In the Supreme Court case, the shareholders of Company D filed a shareholder derivative lawsuit against the then-representative director E, director F and other outside directors of Company D for damages in the amount of the KFTC’s administrative fine imposed against Company D resulting from its practices of bid-rigging in the market.
The trial court held that only representative director E breached his duty to monitor Company D’s officers and employees.
However, the Seoul High Court expanded the scope of liability to recognize that the other directors (including director F), besides representative director E, also breached their duty to monitor and supervise. The Seoul High Court ruled that “even if the defendants were unaware of, could not have been aware of, or had no circumstance to suspect bid-rigging because they were not involved in or reported on the bidding for individual construction projects, the defendants (director F and others) breached their duty to monitor by failing to establish a reasonable information and reporting system and an internal control system that may have caught these illegal bid-rigging acts by the officers and employees and to ensure that such system works properly.”
In this regard, the above Supreme Court decision dismissed the appeal and affirmed the lower court’s decision. In addition, it set out the criteria for determining whether outside directors have breached their monitoring duty by explaining, “however, in the case of outside directors that are not in charge of the company’s business affairs, they may be recognized to have breached their duty to monitor if they (i) have failed to make any efforts to call for the establishment of an internal control system where the company does not have any such system in place, or (ii) even if the company has an internal control system, the outside directors have ignored or neglected circumstances to suspect that it is not being operated properly.

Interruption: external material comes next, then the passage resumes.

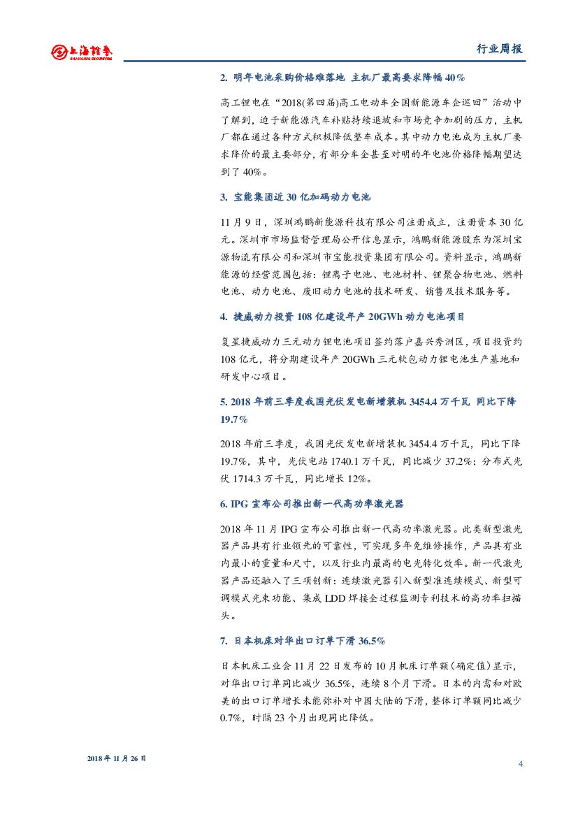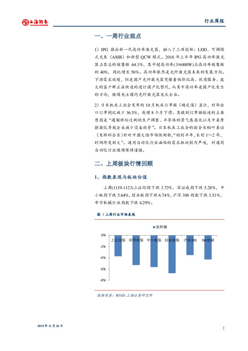 上海证券:机械行业周报:IPG推出新一代高功率激光器,日本机床对华出口订单下滑36.5%.pdf

The Supreme Court added, “in a case where a director is liable for damages to his/her company arising from his/her violation of laws, regulations or the company’s articles of incorporation by willful misconduct or negligence, or negligence in performing duties, the amount of damages may be limited in light of the guiding principle of the damage compensation system—i.e., equitable apportionment of damages. In doing so, the overall circumstances shall be taken into account, including the following: (i) the substance and nature of the business; (ii) the circumstances leading up to and specific aspects of the director’s breach of duties; (iii) the objective circumstances and degree of the director’s involvement in the occurrence and aggravation of the damage; (iv) the director’s usual level of contribution to the company; (v) whether the director benefited from the breach of duties; (vi) whether there exists any defect in the company’s organizational system; and (vii) whether a risk management system has been established. In this case, it is the prerogative of the trial court to find facts relating to the grounds for limiting the damages amount or determine the ratio of limitation, unless it is significantly unreasonable in light of the principle of equity to do so (see, e.g., Supreme Court Decision 2007Da34746, Oct. 11, 2007).” This decision reaffirmed the consistent view of the existing Supreme Court precedents and upheld the lower court’s decision that limited the director’s liability for damages in light of the overall circumstances.
The Supreme Court’s affirmation above made the prevailing view of the precedents even clearer: even directors (including outside directors), besides the representative director, can be held liable for breaching their duty to monitor through an internal control system, and the liability would remain the same even if they were unaware of, could not have been aware of, or had no circumstance to suspect bid-rigging.